PO Box 405 Orland, ME 04472

Loan Options for Almost Every Borrower

Let us help you navigate all of the different loan types and how they might benefit you. we start with a consultative approach before even pulling any credit. 

Your financial needs will be at the core of this process. We want your journey to be pleasant and successful so that whether you’re a first-time buyer, an experienced real estate investor, or somewhere in between; we can provide options for almost every budget.

Buying A Home

Buying a home can be a daunting thought. You might be concerned you haven't saved enough, or that your credit isn't perfect. Luckily, through programs like FHA, VA, and USDA loans, grants, lender credits, and shrewd negotiating you could potentially need less cash to close on your home than you would to move into a comparable rental. whether this is your first home, or your fifth we are with you from application to closing.

Home Equity

You may have some high interest debt to consolidate, a big home improvement to tackle, or an opportunity to rehabilitate an investment property. tapping into your equity stake in your home could offer you a secure way to manage these expenses. You may be purchasing a home over a certain price and need to split the transaction to stay out of a "Jumbo" mortgage. There are many different situations in which home equity can be utilized and different programs for certain scenarios. We can find the one that is right for you.

Refinance

A refinance is a great option if you want a lower payment, or if interest rates have improved significantly and you can save money on interest. There are many other reasons to refinance, such as renovation or consolidation of debts, purchase of another property in a cash deal, or simplifying cash flow.

Construction Loans

New construction allows you control over the design of your home and gives you the peace of mind that the home is up to date with the latest safety, efficiency, and comfort technology available today. Construction loans are designed to allow borrowers to make affordable interest only payments during the construction of their new home, which they can convert into a more traditional loan product to fit their needs upon completion.

Reverse Motrgage or HECM

Reverse Mortgages or "home equity conversion mortgages" offer borrowers over the age 62 and older a means to utilize the equity in their homes to supplement their income in retirement. proceeds can be taken in a lump sum, in incremental disbursements, or as a monthly payment credit to reduce monthly housing cost. this option is best for borrowers who don't plan to leave their home to anyone. Reverse mortgage borrowers still have the freedom to sell their home, and the home can be inherited contingent upon the satisfaction of the mortgage balance.

FAQ

Borrowers may be approved with credit scores as low as 585, with qualifying income. there are a number of factors taken into consideration in determining your creditworthiness and ability to repay a loan, terms may vary.

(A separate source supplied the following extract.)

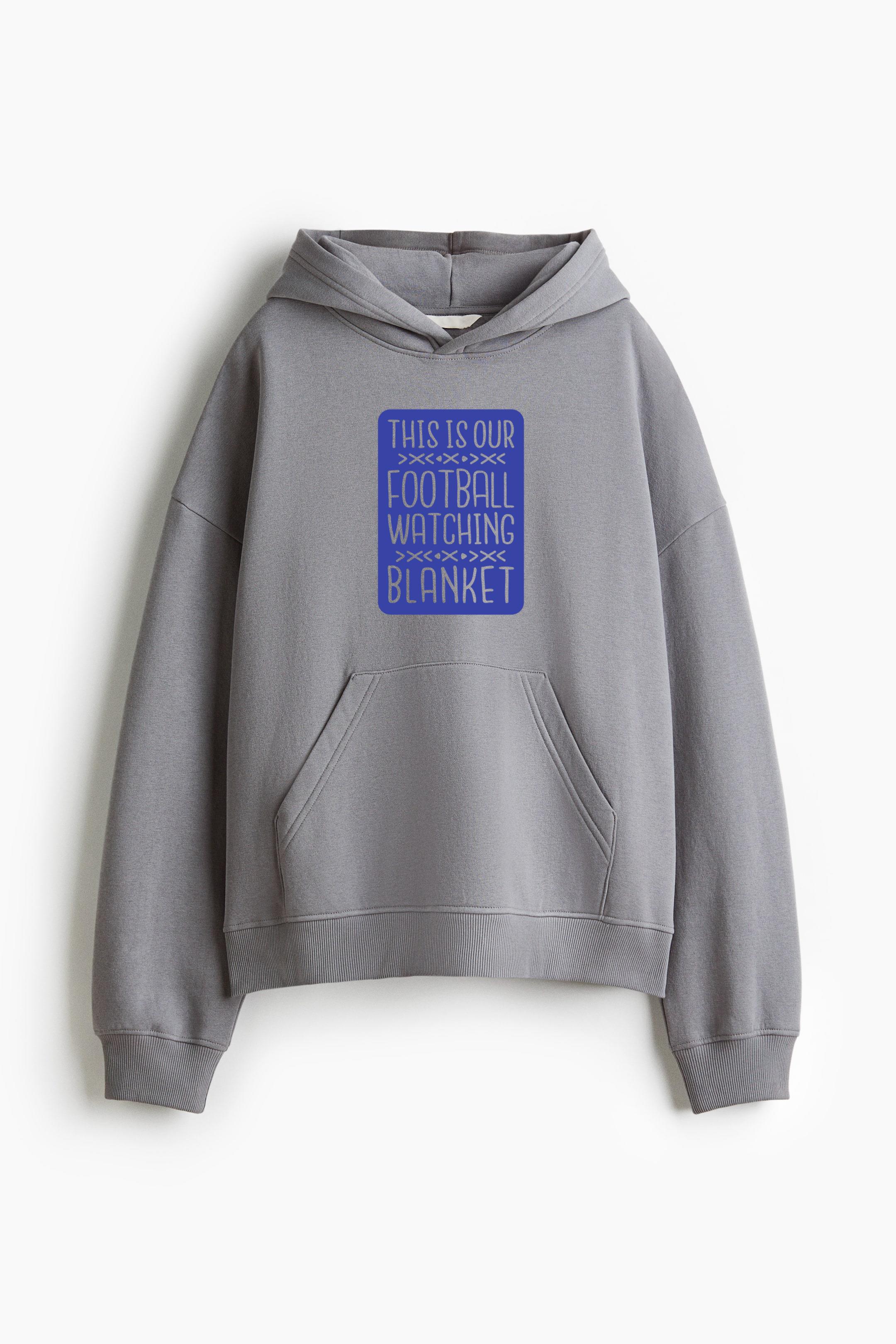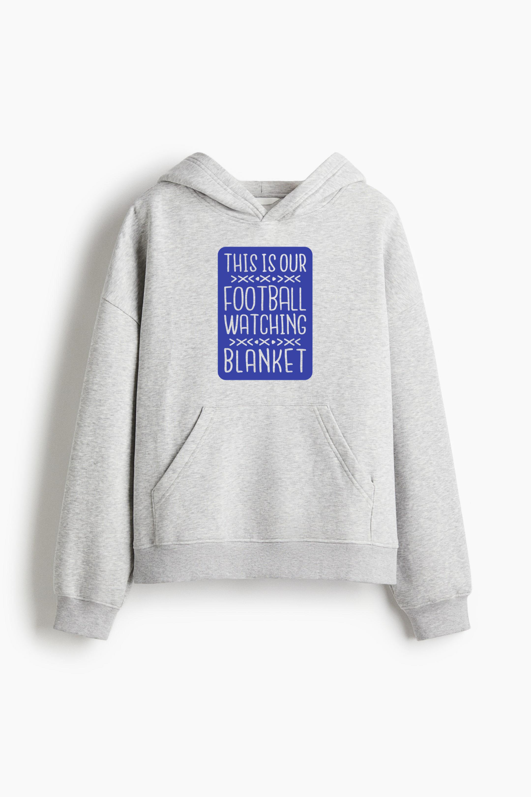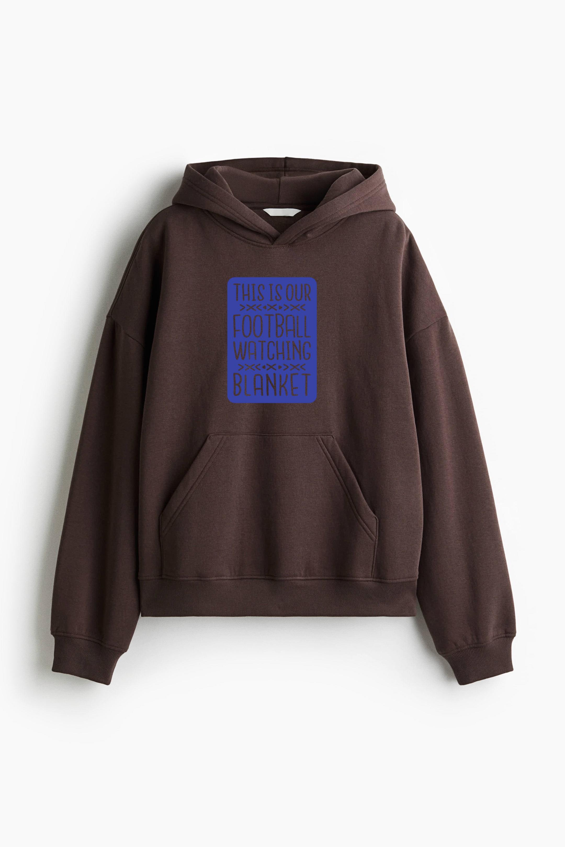 This Is Our Football Watching Blanket Oversized Fit Printed Hoodie Oversized Fit Printed Hoodie – Extra-Loose Cotton-Blend Sweatshirt with Graphic Print and Brushed Fleece Interior

Lenders generally want to see three to six months reserves. to figure this amount out we take your expected loan payment, plus any other monthly liabilities like car loans, personal loans, student loans and credit card payments. then we multiply that number by 6. say your expected loan payment is $700 a month, you have a $100 student loan payment, a $200 car payment, and a $35 credit card payment. $1035X6=$6210 cash reserves. Down payment needed varies from one loan program to another, and a down payment may not be required. Most programs require 3-10% down. for a $100k loan, this would be $3-10K.

Mortgage brokers get paid what is called an “Origination Fee” only after closing on your loan. origination fees vary from 1-2% of the total loan amount. we do not recieve compensation based upon your interest rate, loan type, or any prohibited basis.

The FHA or Federal Housing Administration gurantees loans through mortgage insurance provided by the Department of Housing and Urban Development, or HUD. this program was created to expand access to affordable homeownership and can offer great benefits for borrowers. FHA mortgage insurance stays for the life of the loan, so unlike a conventional mortgage this amount doesn’t go away once you reach 80% Loan-to-Value.

ESCROW is a type of account, managed by your loan servicer which is responsible for ensuring the timely payment of property taxes, homeowners insurance, and HOA dues. Every year your servicer will conduct an ESCROW analysis to determine the appropriate ESCROW amount to add to your monthly payments.

PMI stands for “Private Mortgage Insurance” and may be required for any conventional mortgage with a down payment less than 20%. The monthly premium is added to your mortgage payment each month until you reach 80% Loan-to-Value or LTV. At that point, your payment goes down by the full amount of the monthly premium.

The VA or “Department of Veterans Affairs” guarantees loans through what are called “entitlements.” these types of loans are available to veterans who were honorable or generally discharged and the survivors of qualified veterans. similar to FHA, this eliminates the need for PMI on low down payment transactions.

USDA loans are guaranteed by the Department of Agriculture and apply to homes in areas with less than 35,000 people under 25 acres. These loans may require no down payment to qualify.